___ Dataset

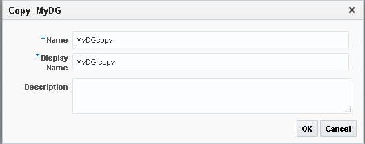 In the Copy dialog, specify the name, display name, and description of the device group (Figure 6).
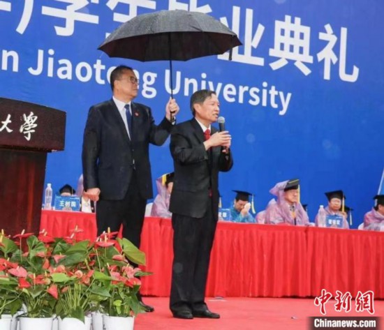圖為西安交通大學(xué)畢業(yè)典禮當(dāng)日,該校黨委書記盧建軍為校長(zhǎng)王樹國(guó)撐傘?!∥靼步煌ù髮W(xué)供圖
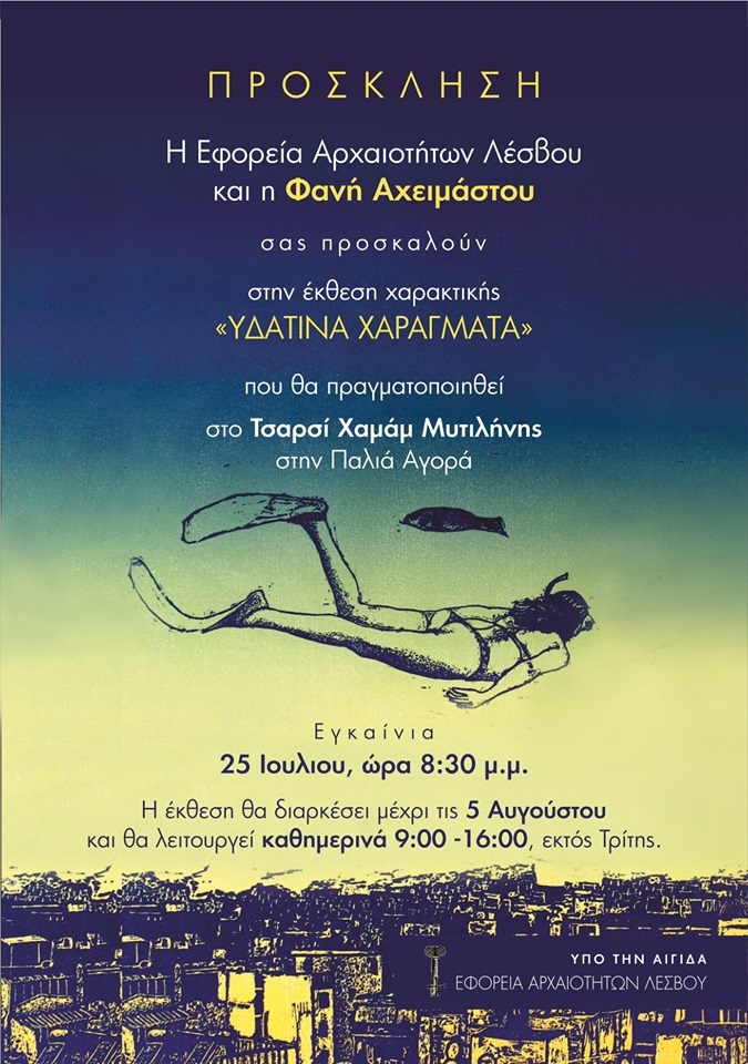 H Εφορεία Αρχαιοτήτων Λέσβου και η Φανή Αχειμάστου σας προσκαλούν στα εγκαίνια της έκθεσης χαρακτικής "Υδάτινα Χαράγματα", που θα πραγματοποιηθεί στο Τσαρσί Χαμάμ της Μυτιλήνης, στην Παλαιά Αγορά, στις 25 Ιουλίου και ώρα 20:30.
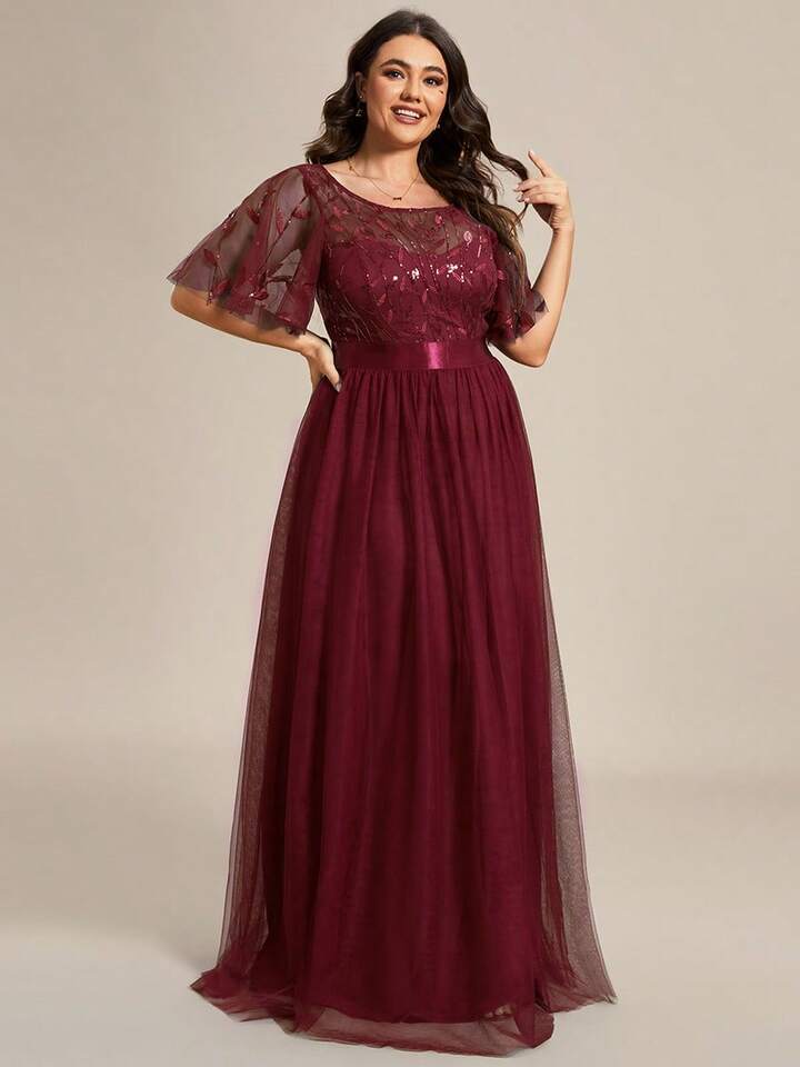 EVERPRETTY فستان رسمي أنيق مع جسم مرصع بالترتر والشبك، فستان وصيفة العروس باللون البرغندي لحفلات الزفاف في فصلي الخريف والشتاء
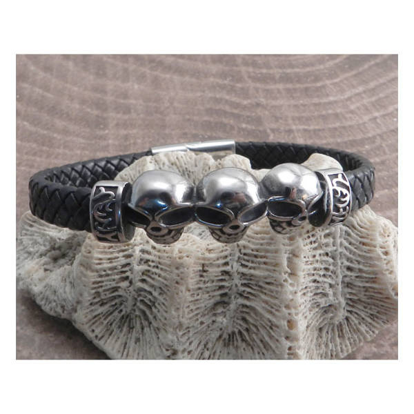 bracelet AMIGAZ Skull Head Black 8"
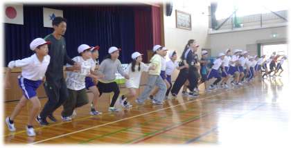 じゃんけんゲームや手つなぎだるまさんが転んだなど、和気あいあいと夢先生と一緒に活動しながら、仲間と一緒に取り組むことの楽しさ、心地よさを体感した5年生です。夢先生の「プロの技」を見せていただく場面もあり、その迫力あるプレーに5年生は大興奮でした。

______

▶ [Required action] A word-for-word copy is needed, starting at the first line of the listing and ending with the line bearing "bracelet AMIGAZ Skull". No pictures.

▶ [Response for this exercise]
 In the Copy dialog, specify the name, display name, and description of the device group (Figure 6).
圖為西安交通大學(xué)畢業(yè)典禮當(dāng)日,該校黨委書記盧建軍為校長(zhǎng)王樹國(guó)撐傘?!∥靼步煌ù髮W(xué)供圖
 H Εφορεία Αρχαιοτήτων Λέσβου και η Φανή Αχειμάστου σας προσκαλούν στα εγκαίνια της έκθεσης χαρακτικής "Υδάτινα Χαράγματα", που θα πραγματοποιηθεί στο Τσαρσί Χαμάμ της Μυτιλήνης, στην Παλαιά Αγορά, στις 25 Ιουλίου και ώρα 20:30.
 EVERPRETTY فستان رسمي أنيق مع جسم مرصع بالترتر والشبك، فستان وصيفة العروس باللون البرغندي لحفلات الزفاف في فصلي الخريف والشتاء
 bracelet AMIGAZ Skull Head Black 8"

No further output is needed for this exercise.